Under the proposal, if the incumbent facility has been using their currently licensed site for at least 10 years, then contour protection would be based on the actual facility as opposed to the maximum hypothetical facility as in today's rules.

The thought is that by using actual facilities, class upgrades can be achieved easier with less need for complex directional antennas and can be seen as a more efficient use of spectrum.

Let's go back to the KPGG example

As we pointed out in the KPGG example, both KMHT and KENA are running at less than full facilities and both of those stations have been running those facilities for at least 10 years.  Under the proposed plan, instead of using hypothetical full facilities for protection, the actual facilities will be used.  Remember, the mentality here is that the incumbent station has had over a decade to upgrade these facilities to something closer to the class maximum and they have not, so they should not have to be protected to the class maximum if that spectrum could be used for another station to upgrade. 

In the case of KPGG, they can either specify operation at 10.5 kW with a directional antenna slightly protecting KMHT to the south (which could possibly be achieved through their existing side mounted antenna or they can operate non-directional at 8.3 kW ERP (that would be an increase from 5.1 kW).  

Click here for a PDF showing the contours of the various KPGG examples we have demonstrated in this Fact Sheet.

How will this proposal impact LPFM?

Before we discuss this, let's try to prevent some confusion before it happens.  While the Class C4 aspect of the Notice of Inquiry is intended for Class A stations in Zone II, the §73.215 proposal is for all commercial FM service classes in all zones.
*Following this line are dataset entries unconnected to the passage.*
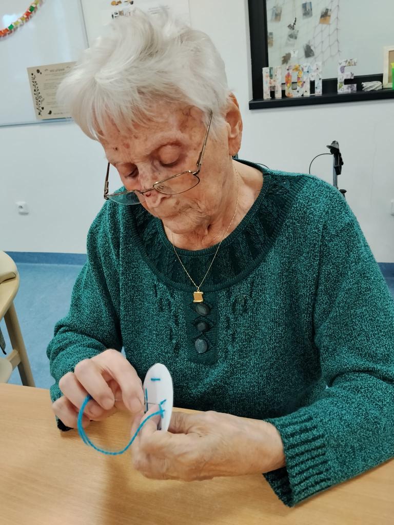Jemná motorika je důležitá pro každodenní činnosti, a proto se jí u nás věnujeme pravidelně. Klienti si procvičují prsty a ruce pomocí jednoduchých, ale zábavných aktivit – navlékání korálků, třídění drobných předmětů, skládání puzzle nebo tvoření dekorací. 🌟
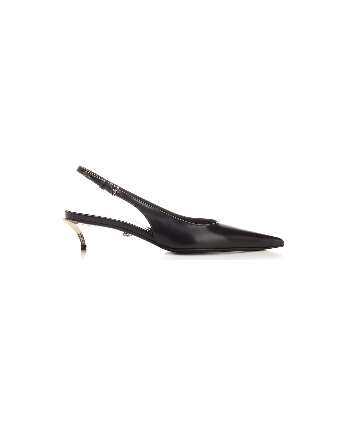 'Pin-Point' Slingback Pumps from Versace in black leather featuring an elongated pointed-toe silhouette and a curved, silver-tone kitten heel Composition: 100% VL
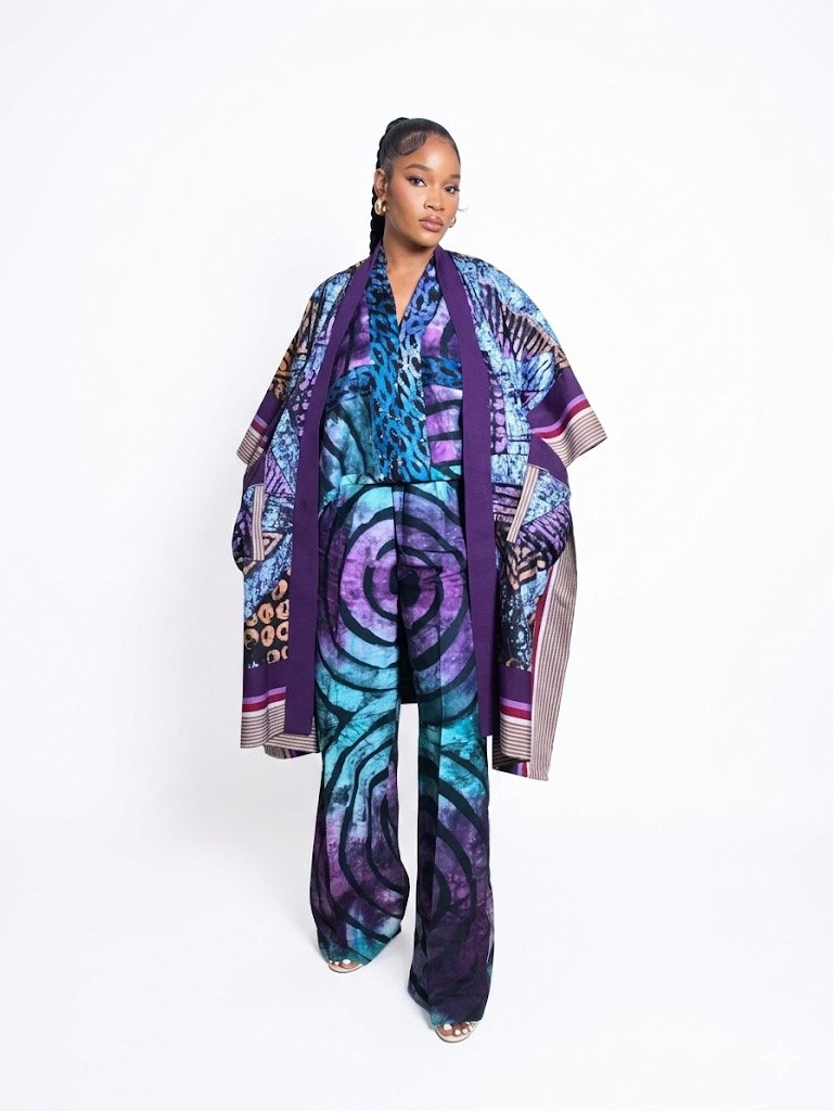 Step into refined elegance with the D’Onyx Royal Indigo Adire Luxe Set, a sophisticated two-piece ensemble featuring a stylish Adire crop top and wide-leg trousers. Designed with rich indigo, teal, and purple tones, this set blends traditional artistry with modern luxury, creating a bold yet graceful silhouette perfect for upscale outings, brunch, or resort wear.
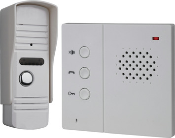 Deze set bestaat uit een metalen beldrukker en een binnenpost. De binnenpost is voorzien van een drukknop waarmee je een elektrische deuropener zou kunnen bedienen. Dit intercom systeem is bedraad aan te sluiten. De intercom wordt beveiligd door een regenkap. Je kan zelf gemakkelijk het belvolume instellen. De audio intercom heeft een 3 draadse aansluiting.
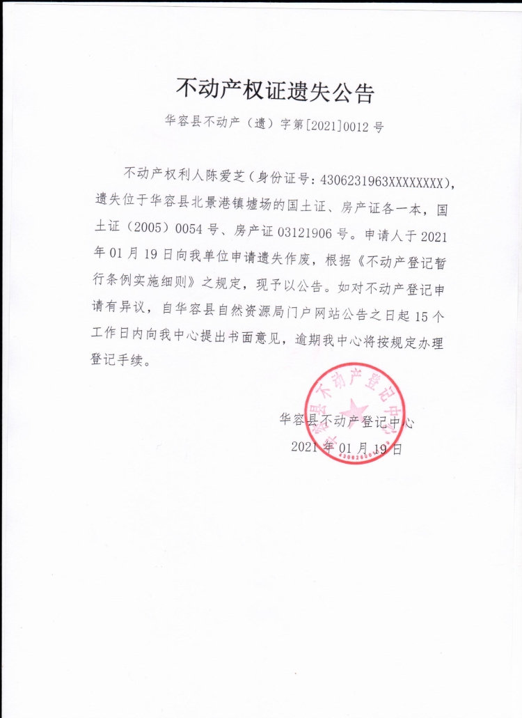 不动产权证遗失公告【国土证 房产证(陈爱芝)】

Since this method of handling §73.215 is available in any situation where it would otherwise meet the 10 year minimum facility, existing §73.215 distance separation rules and can achieve contour protection based on less than class maximum power and/or a directional antenna based on the current rules, it has the ability to increase the class of many commercial FM stations. 
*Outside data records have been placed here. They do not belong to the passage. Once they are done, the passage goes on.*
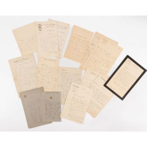 [ZOLA (Emile)]. Ens. de 15 lettres et billets autographes adressés à Emile Zola, par des personnalités du monde des lettres et journalistes. 1873 - 1900. - Joseph Barthélémy, 18 mars 1886 (1 p. et demie) sur L'Assommoir au théâtre. - Georges Brisson (2 lettres), admirateur nantais : 19 avril (2 pp.) et 7 septembre 1876 (3 pp.). " J'aurais ainsi le bonheur immense de voir au moins une fois dans ma vie celui que j'étudie et j'admire depuis que j'ai l'âge de raison (...) ". - Camille Doucet (2 lettres), poète et auteur dramatique, académicien, directeur de l'administration des théâtres : 20 février 1892 (2 pp.) et 1 er avril 1894, sur des affaires de l'Académie. - André Fourchy, notaire : 3 avril 1900 (1 p.). Formalités pour la succession de Jules de Goncourt. Il demande à Zola de bien vouloir "signer comme témoin un acte de notoriété constatant que M. Jules de Goncourt n'avait qu'un frère et un seul héritier". - Gustave Geoffroy, journaliste et critique d'art, un des dix membres fondateurs de l'Académie Goncourt (1874), (1) p. - André Gill, caricaturiste : 12 août 1873 (1 p. et demi). Fait part de son admiration sur la version théâtrale de Thérèse Raquin. Petites déchirures restaurées par un adhésif. - Georges de Labruyère (2 lettres), rédacteur du Cri du peuple : 4 février 1887 (1 p.) et 14 février 1887 (1 p). Il est question du Ventre de Paris porté au théâtre - Erik Lie, écrivain norvégien : 14 novembre 1889 (2 pp.). Il veut traduire La Bête humaine en norvégien. "J'ai l'occasion de suivre la littérature française contemporaine en même temps que j'étudie la littérature ancienne". - Pierre Loti, s.d. (1 p. et 3 l.). Remerciements pour le " beau livre " qu'il vient de recevoir et dont il le remerciera de vive voix très bientôt. - Suzanne Manet, veuve du peintre : 11 octobre 1886 (2 pp.). Elle l'invite à recevoir Jean Thorel " jeune littérateur et un de vos admirateurs les plus ardents auquel je m'intéresse ". - Catulle Mendès (2 lettres) : 29 mai 1888 (1 p.) et 20 juin 1888 (2 pp). Directeur de la Vie populaire, il évoque la publication à venir du Rêve : " La Vie populaire, si vous le voulez bien reproduira tous vos romans nouveaux ". Expert : Ségolène Beauchamp
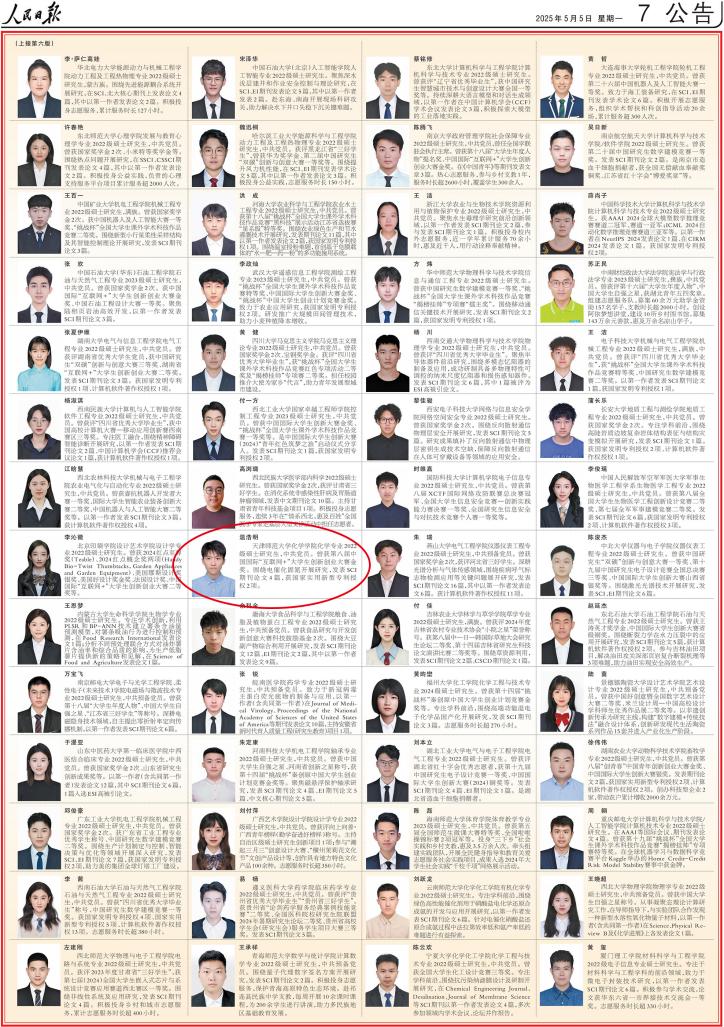 本站讯(通讯员 杨晨 乌日菡)2025年5月4日,《人民日报》刊登《2024年研究生国家奖学金获奖学生代表名录》,我校化学学院化学专业2022级硕士研究生温浩明入选。
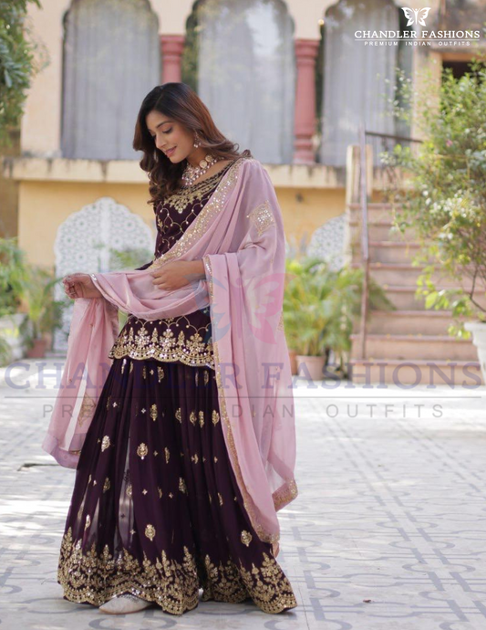 Graceful Dark Purple Color Faux Blooming With Embroidery And Sequins Work Palazzo Suits
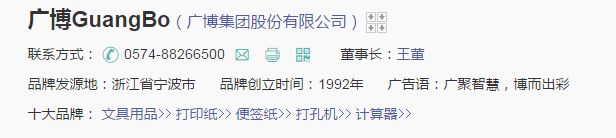广博集团股份有限公司创建于1992年,是一家集办公文具、印刷纸品、塑胶制品和进出口贸易等为一体的现代企业集团,拥有员工4000多名。拥有14家控股子公司,在洛杉矶、香港设立海外分公司,在国内拥有30多家营销分支机构,拥有浙江、江苏两大生产基地。
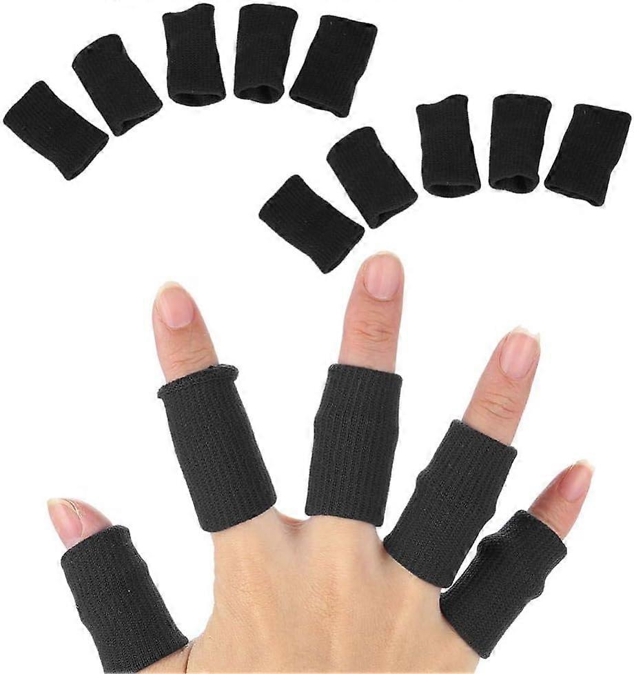 Finger Protector Sleeve, 10 Pcs Stretch Flexible Finger Splint Support Finger Protector Sports Aid Arthritis Band Wrap (Black)
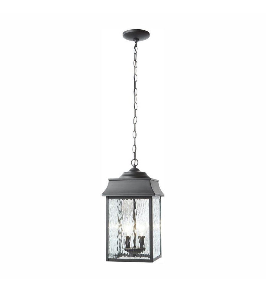 Home Decorations Collection Scroll 2-Light Black Outdoor Hanging Pendant Light with Water Glass-302361089

A class increase could put an LPFM station into a situation where they will become §73.807 short spaced and unable to move in certain directions.  The class and eventual power increase will also raise the noise floor around the station thus meaning the LPFM is likely to experience increased interference in some of or in all the areas served by the LPFM station. 

This will also increase the possibility of an LPFM station causing interfernce under §73.809 of the rules which could result in displacement.  This is most likely to happen where an LPFM is currently short spaced to a subsequently authorized full service FM station and that station increases class thus resulting in the interfering contour of the LPFM station overlapping with the 70 dBu city grade contour of the upgrading full-service FM station.  If the full-service station complains of interference in this case, it is considered actionable and will result in a request by the FCC to shut down within 3 hours.
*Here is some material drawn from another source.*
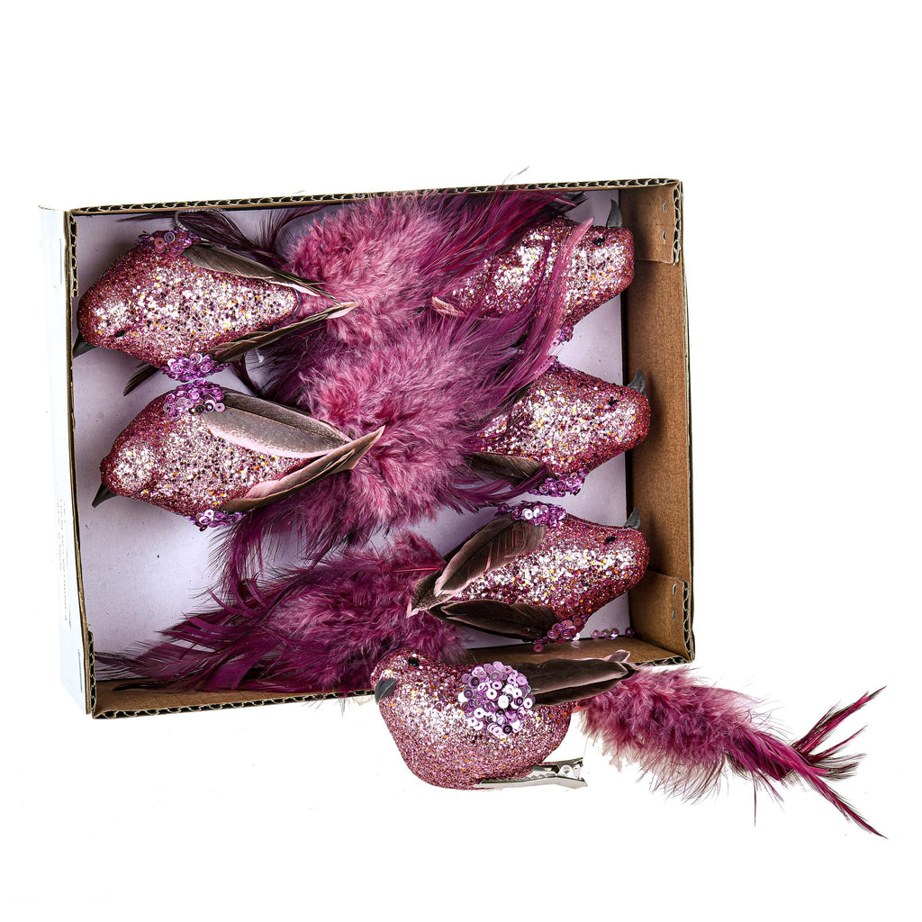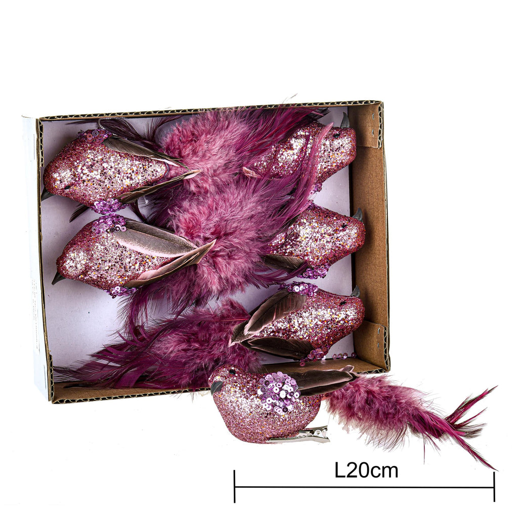 Set 12 Oiseaux avec Clip H20 cm Rose

NAB and iHeart Media opposes the §73.215 aspect of this inquiry because they know that it will hurt the FM translators even worse than it will impact LPFM.  

REC also fully opposes the change to the §73.215 rules on the grounds of increased interference to LPFM and FM translator stations (including the new cross-service translators) and we would question whether increasing class on higher powered FM stations meets the 47 USC §307(b) mandate of a fair, efficent and equitable distribution of radio services. 

How does the LCRA play into the §73.215 proposal?

We do note that it is very likely that the comments that will come from some with cross-service (AM) translators will advocate that their specific translators be protected from upgraded stations using the new §73.215 criteria thus suggesting a "primary" or "protected" status for specific types of translators.  Any atttempt to change the status of specific types of FM translators (or all FM translators) would be direct contravention of Section 5(3) of the LCRA (the "equal in status" clause).   The FCC has already suggested in the Notice of Inquiry that they may be reluctant to adopt any proposal that would have a significantly negative impact on FM translators and LPFM stations. 

We must fight the §73.215 aspect of this Notice of Inquiry.